Ironically, process standardization can undermine the very performance it'south meant to optimize. Many processes work best when treated like creative piece of work, rather than rigidly controlled.

To decide if a process should be more creative than scientific, look for these conditions:

  • Inputs to the procedure are variable (for example, no two pieces of wood used to brand a Steinway piano soundboard are alike)
  • Customers value variations in the process's output (pianists appreciate the distinctive sound quality of their own pianos)

If your procedure is artistic, train employees in the judgment required to reply creatively to variable weather condition. Ritz-Carlton recaptured its reputation for unrivaled service when it empowered employees to improvise their responses to private guests' needs.

The Idea in Practice

Hall and Johnson recommend these steps for managing your processes once you've adamant which ones should be artistic:

Develop an infrastructure to support art

These practices can assistance:

  • Create appropriate metrics. Artistic processes must rely on external measures of success. So continually betrayal artists to customer feedback.

Example:

At Steinway, piano voicers (who suit completed pianos to perfect each instrument's experience and audio) interact directly with professional pianists.
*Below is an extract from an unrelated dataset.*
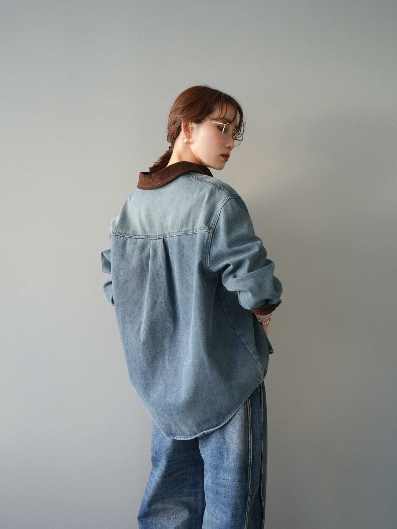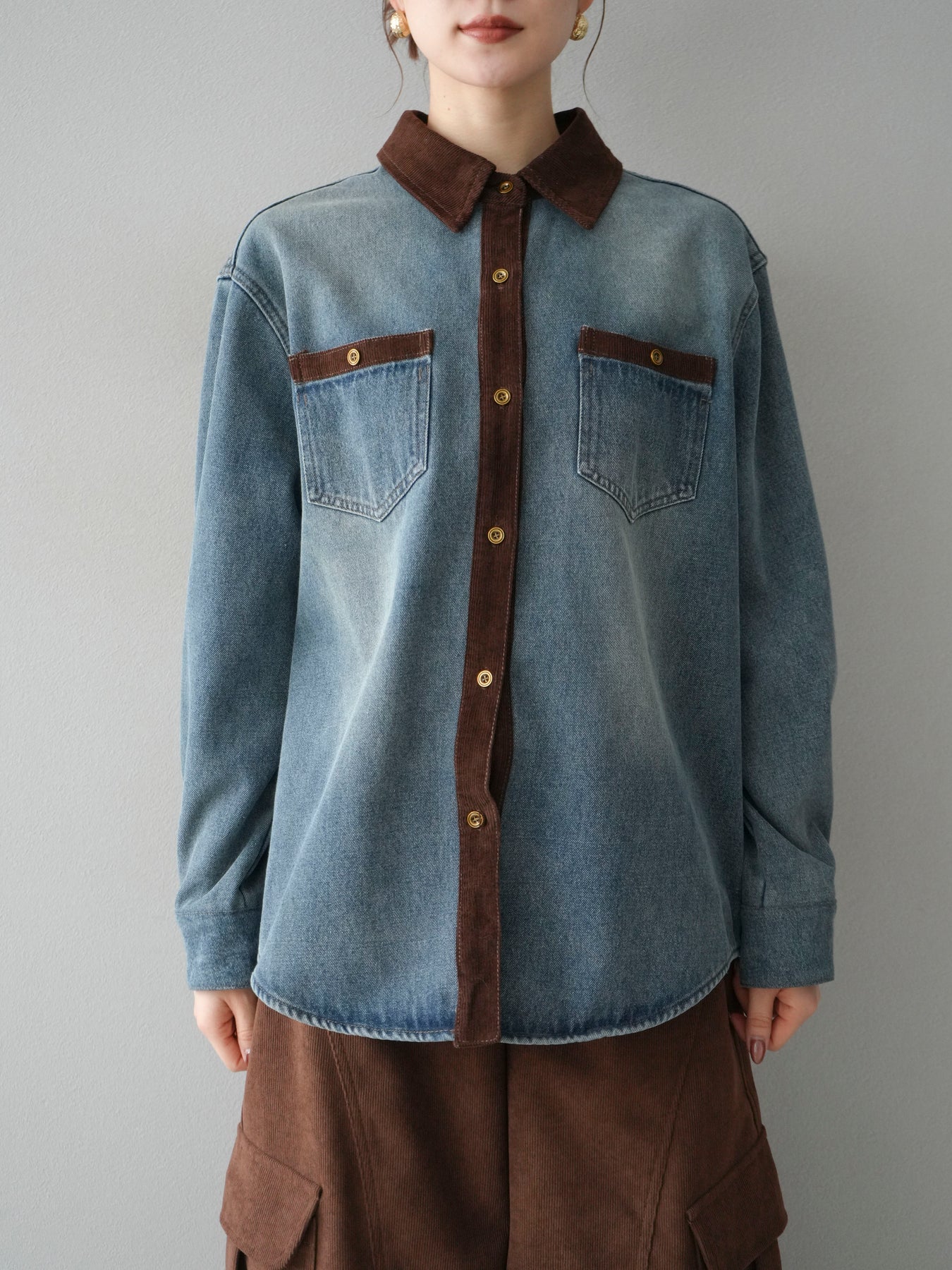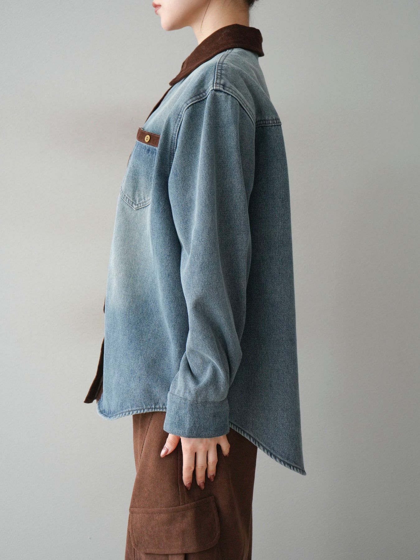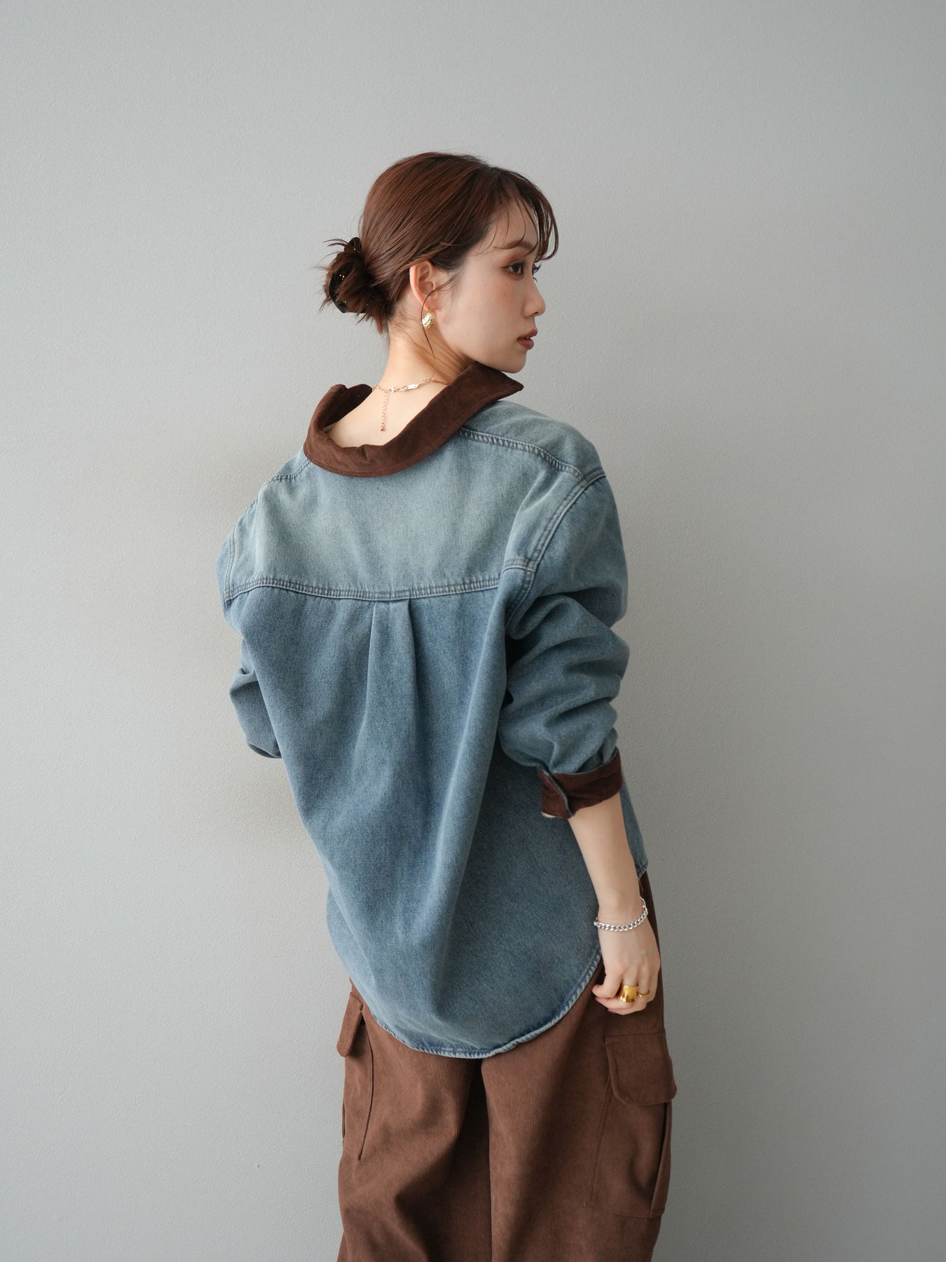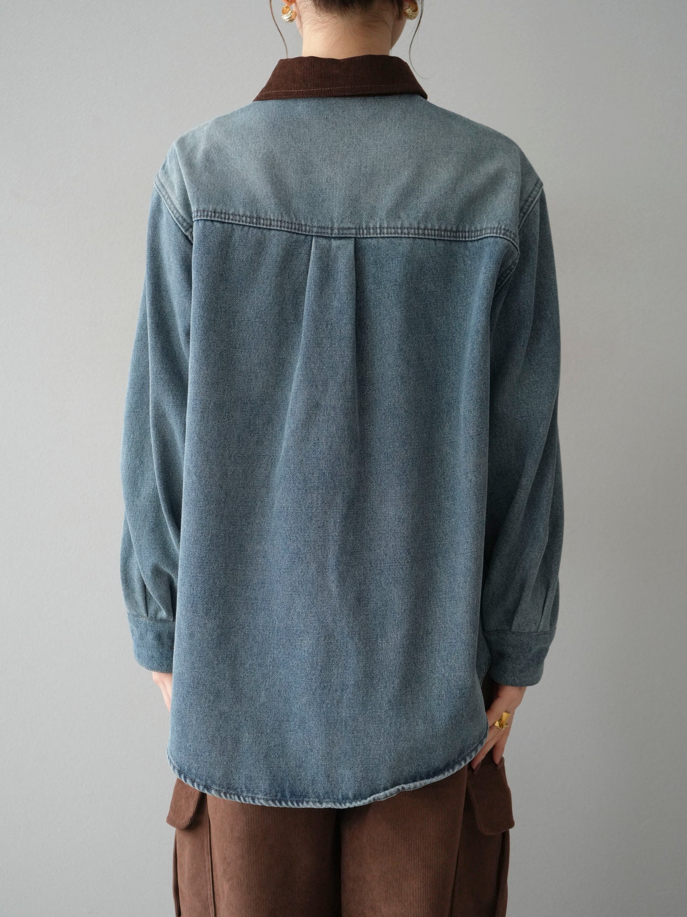 [予約]裏起毛コーデュロイ襟デニムシャツジャケット/ blue

  • Manage artistic and scientific processes separately. In a surgery center, repetitive piece of work that can be standardized (such as high-book hernia repair or Lasik corrective middle surgery) is managed separately from more than complex inpatient surgery that requires individual judgment.
  • Build effective training programs. Provide employee "artists" with experiences such every bit apprenticeship with a master, stories of outstanding client service, and extended time with a client. These experiences will help them develop an agreement of customers' needs, the judgment required to act without perfect information, and the ability to larn from both good and bad outcomes.
  • Tolerate failure. The variations characterizing artistic processes make information technology incommunicable to satisfy every client on the first effort. Then constitute extensive quality inspections to foreclose failures from affecting customers. And systematically clarify failures to identify which ones could be prevented or minimized in the future.

Periodically reevaluate the partition betwixt art and scientific discipline

Regularly enquire yourself:

  • What new technologies can aid brand a science of fine art?
  • Do my customers still value variation?
  • How practice the costs of art stack up against the benefits?
  • What opportunities does art allow that science doesn't?

Instance:

MinuteClinic has hundreds of walk-in medical offices. It has lowered costs and improved quality of basic health care by developing decision-support software that leads nurse practitioners and physician assistants through a step-by-step process for diagnosing and treating common ailments (strep throat, bladder infection, conjunctivitis). MinuteClinic continually evaluates the line betwixt art and scientific discipline: Though it keeps exploring means to raise its software and related processes to treat additional diseases, it also gives its clinicians enough freedom in their interactions with patients to deliver a personal customer feel.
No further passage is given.